## PROBLEM TO SOLVE
Skip the pictures. Output only the lines below starting at the line with "g&h Protect Deodorante" and ending at the line with "Die in den Wohnraum", both ends included, exactly as they are.

## SOURCE RECORDS
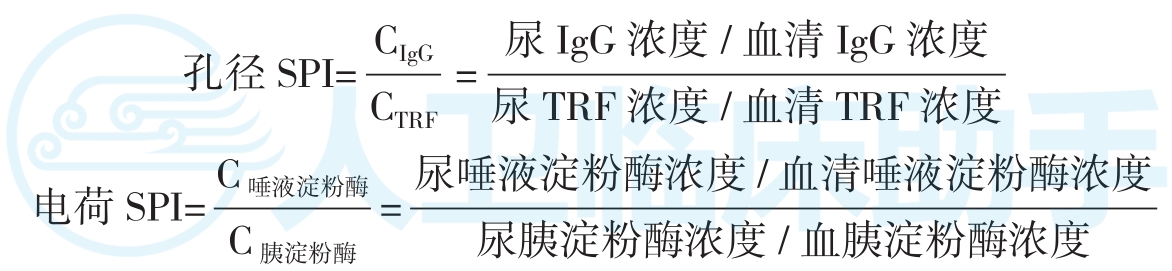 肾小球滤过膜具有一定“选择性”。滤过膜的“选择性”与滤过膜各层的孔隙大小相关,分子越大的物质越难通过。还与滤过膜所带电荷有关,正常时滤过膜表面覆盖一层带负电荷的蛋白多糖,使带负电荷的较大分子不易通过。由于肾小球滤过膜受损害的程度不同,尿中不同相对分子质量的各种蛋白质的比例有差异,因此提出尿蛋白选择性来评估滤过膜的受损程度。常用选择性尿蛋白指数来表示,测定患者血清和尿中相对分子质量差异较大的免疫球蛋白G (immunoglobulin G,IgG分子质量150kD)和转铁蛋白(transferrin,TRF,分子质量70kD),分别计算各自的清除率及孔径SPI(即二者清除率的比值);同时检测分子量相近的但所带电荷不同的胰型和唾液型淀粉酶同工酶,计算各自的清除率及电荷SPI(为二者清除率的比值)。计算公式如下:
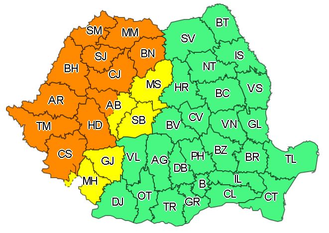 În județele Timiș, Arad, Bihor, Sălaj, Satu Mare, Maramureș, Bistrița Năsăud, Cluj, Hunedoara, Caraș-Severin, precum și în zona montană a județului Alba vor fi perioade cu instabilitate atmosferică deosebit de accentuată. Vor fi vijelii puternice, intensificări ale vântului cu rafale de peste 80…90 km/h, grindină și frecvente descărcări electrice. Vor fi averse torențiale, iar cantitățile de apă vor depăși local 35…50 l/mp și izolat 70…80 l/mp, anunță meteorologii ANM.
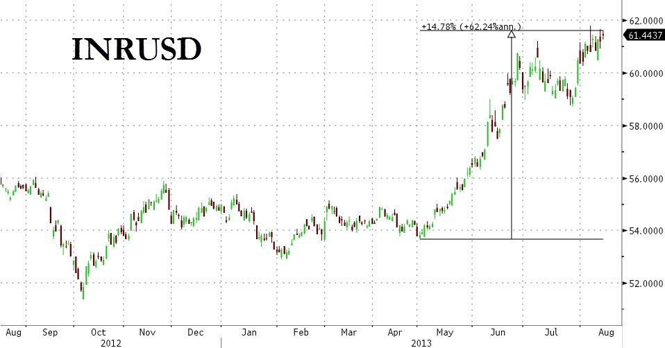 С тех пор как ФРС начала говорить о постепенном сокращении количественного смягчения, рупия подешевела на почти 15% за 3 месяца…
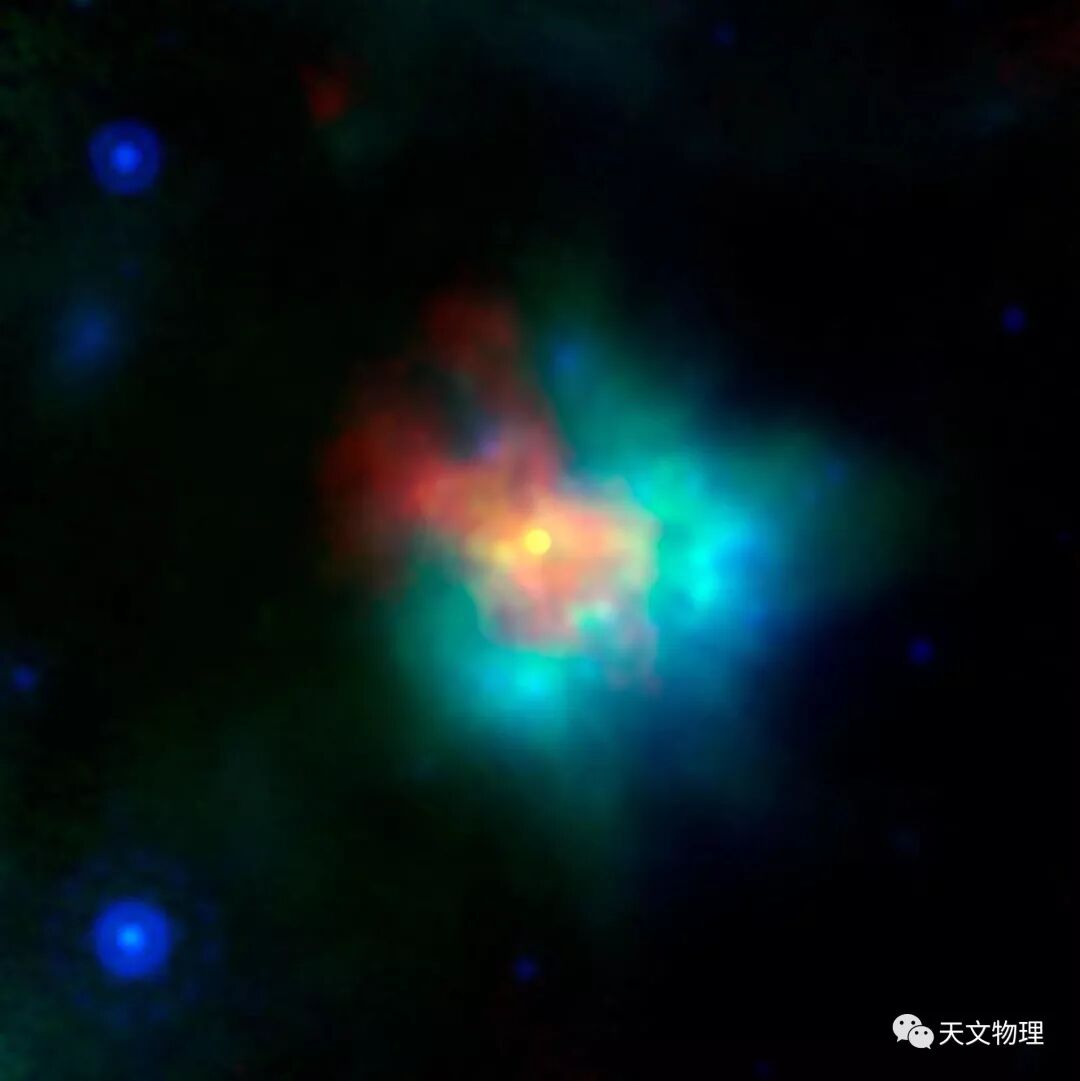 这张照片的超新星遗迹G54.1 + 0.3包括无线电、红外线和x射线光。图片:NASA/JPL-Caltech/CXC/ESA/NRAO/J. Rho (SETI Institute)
* * *
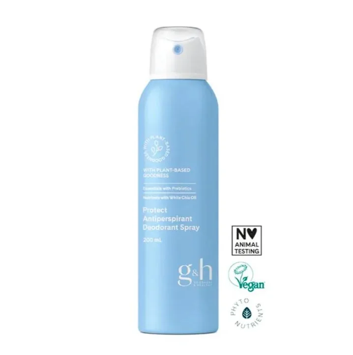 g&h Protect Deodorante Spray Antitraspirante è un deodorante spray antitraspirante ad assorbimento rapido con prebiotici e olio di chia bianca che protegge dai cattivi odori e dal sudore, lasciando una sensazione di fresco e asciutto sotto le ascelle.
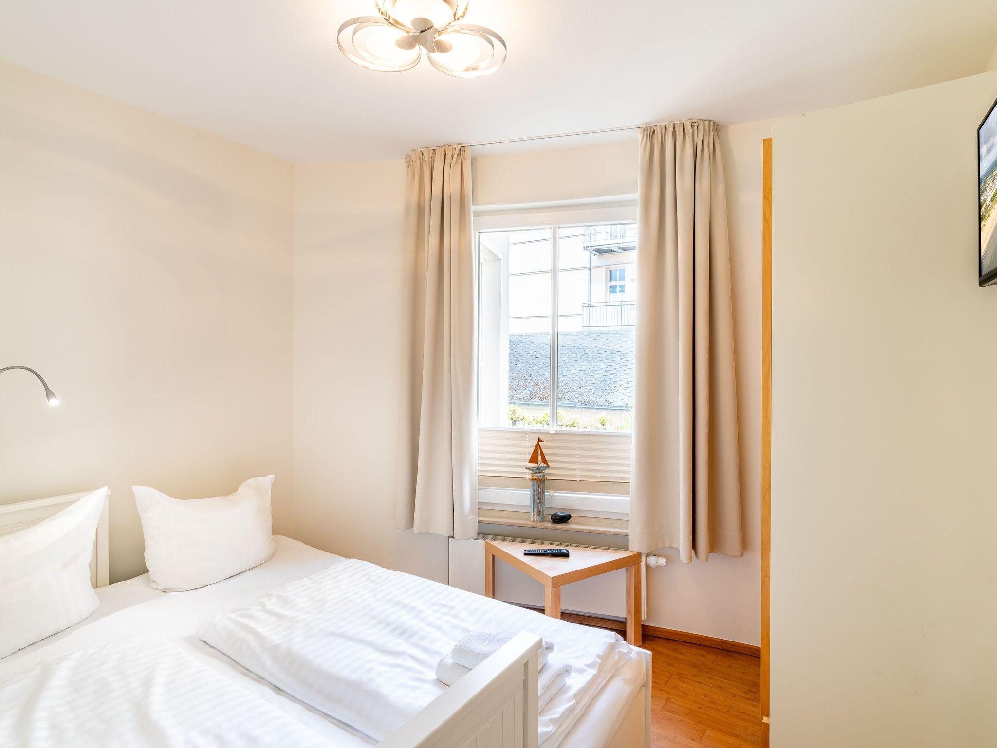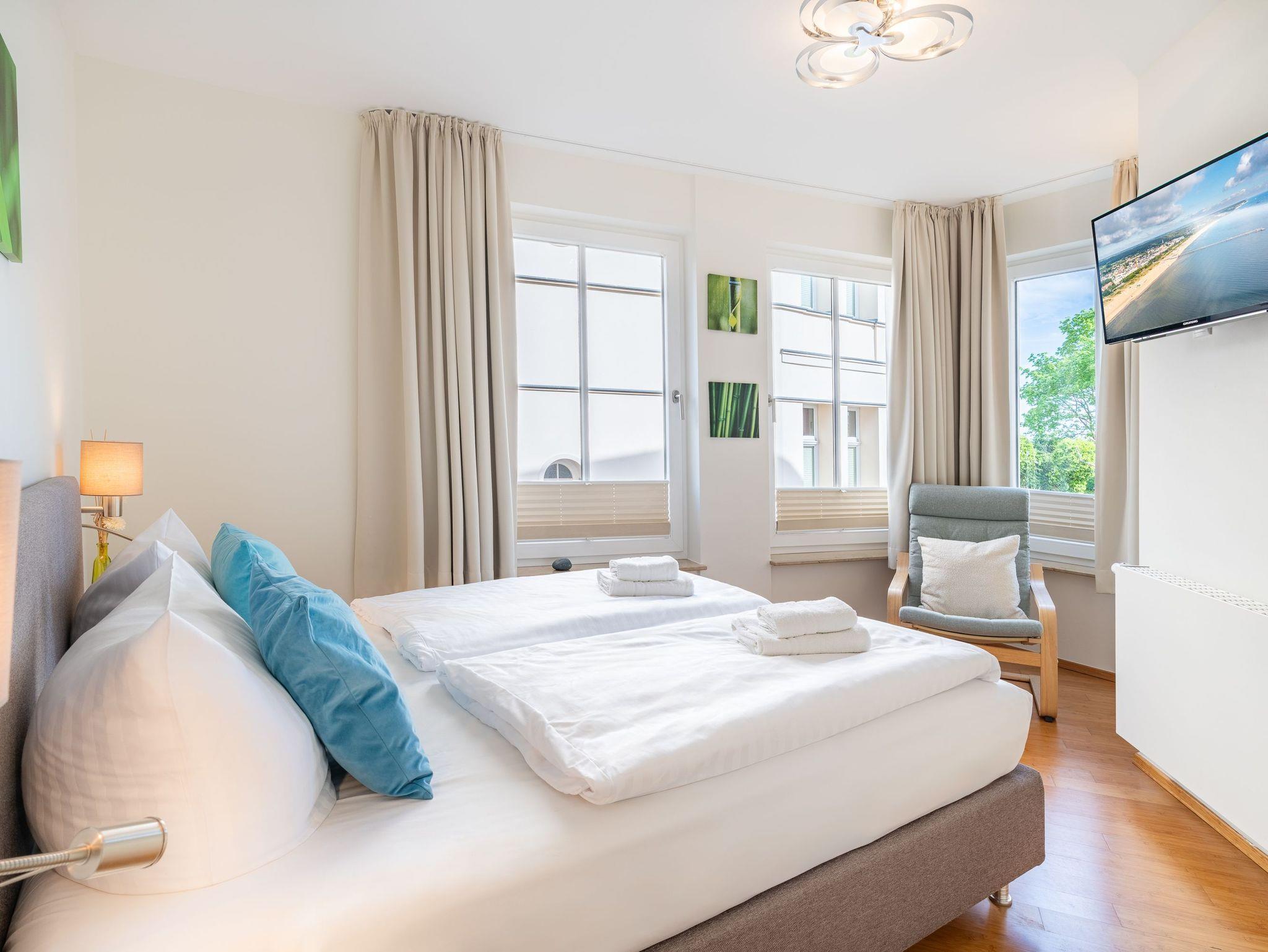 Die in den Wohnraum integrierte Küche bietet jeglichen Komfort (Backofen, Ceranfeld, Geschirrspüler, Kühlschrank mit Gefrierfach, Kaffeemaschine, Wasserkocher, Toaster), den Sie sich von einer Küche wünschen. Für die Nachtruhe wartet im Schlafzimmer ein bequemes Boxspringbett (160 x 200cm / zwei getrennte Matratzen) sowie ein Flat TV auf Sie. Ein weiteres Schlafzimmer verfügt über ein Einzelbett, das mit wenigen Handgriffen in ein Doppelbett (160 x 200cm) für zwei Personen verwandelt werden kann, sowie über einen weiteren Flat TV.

## EXPECTED ANSWER
 g&h Protect Deodorante Spray Antitraspirante è un deodorante spray antitraspirante ad assorbimento rapido con prebiotici e olio di chia bianca che protegge dai cattivi odori e dal sudore, lasciando una sensazione di fresco e asciutto sotto le ascelle.
 Die in den Wohnraum integrierte Küche bietet jeglichen Komfort (Backofen, Ceranfeld, Geschirrspüler, Kühlschrank mit Gefrierfach, Kaffeemaschine, Wasserkocher, Toaster), den Sie sich von einer Küche wünschen. Für die Nachtruhe wartet im Schlafzimmer ein bequemes Boxspringbett (160 x 200cm / zwei getrennte Matratzen) sowie ein Flat TV auf Sie. Ein weiteres Schlafzimmer verfügt über ein Einzelbett, das mit wenigen Handgriffen in ein Doppelbett (160 x 200cm) für zwei Personen verwandelt werden kann, sowie über einen weiteren Flat TV.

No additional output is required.